# Introduction to Databases and SQL #
## Databases ##
**Databases** are a collection of data that is stored in a computer system. Databases allow us to store, retrieve, and manipulate data. Databases are used in many applications, such as websites, mobile apps, and desktop applications. Databases use tables to store data. Each table has columns and rows. Columns represent the *attributes* of the data, and rows represent *individual records*.

## SQL ##
**SQL (Structured Query Language)** is a programming language used to interact with databases. SQL allows us to create, read, update, and delete data in a database. SQL is used to perform operations on databases, such as querying data, inserting data, updating data, and deleting data.

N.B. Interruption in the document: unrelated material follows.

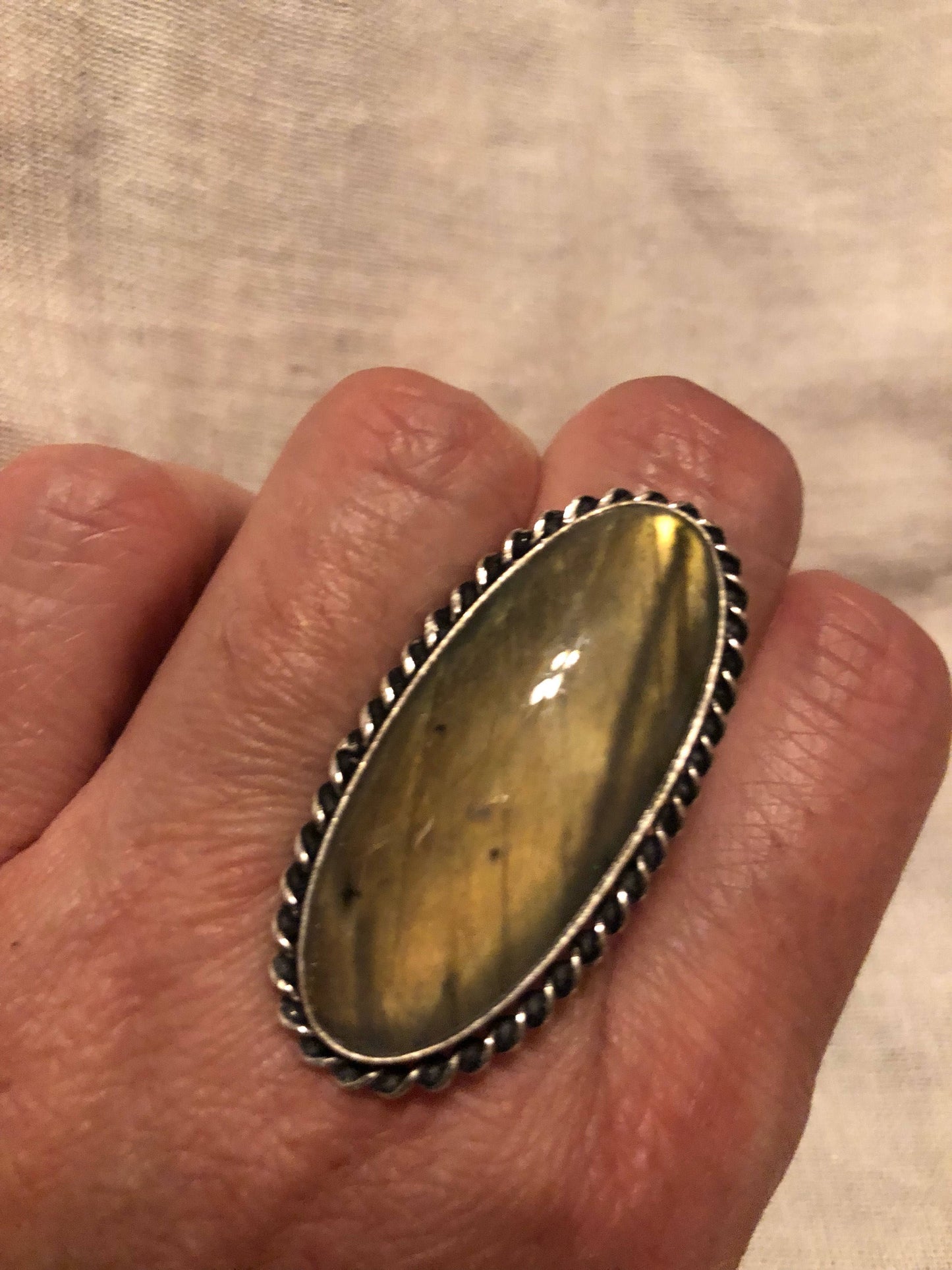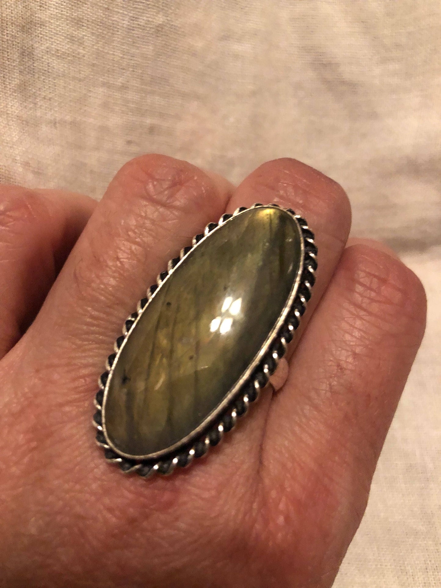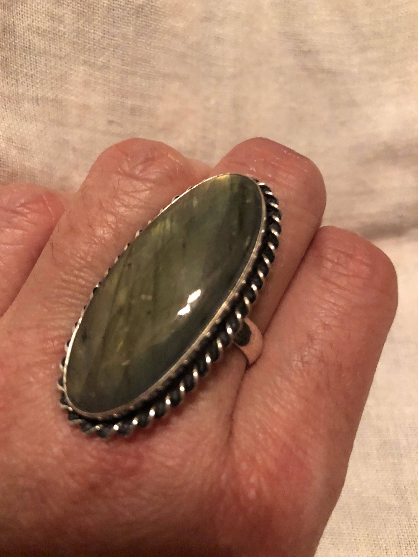 Vintage Large Blue Green Labradorite Stone Silver Ring

**The basic SQL commands are:**
- `SELECT`: Used to retrieve data from a database.
- `INSERT`: Used to insert data into a database.
- `UPDATE`: Used to update data in a database.

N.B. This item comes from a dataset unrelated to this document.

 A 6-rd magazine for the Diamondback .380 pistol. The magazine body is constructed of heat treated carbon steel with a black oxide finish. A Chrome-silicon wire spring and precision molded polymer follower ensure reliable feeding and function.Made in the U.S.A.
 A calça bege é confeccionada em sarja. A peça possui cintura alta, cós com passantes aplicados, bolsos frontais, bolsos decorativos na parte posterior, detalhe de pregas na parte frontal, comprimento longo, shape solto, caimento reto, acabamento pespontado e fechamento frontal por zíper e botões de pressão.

## Part 1 - Creating a table ##
**In the code below we will:** 
1. Connect to a new database (school.db) using duckdb.
2. Create a table called 'test' with one column: "num" which stores an integer. *Integers are whole numbers (ie. positive or negative but not a decimal)*
3. Insert some data into this table 
4. Query the table to see what we have inserted. 
5. Update the data in the table and query again to see the changes.
6. Close the connection to the database.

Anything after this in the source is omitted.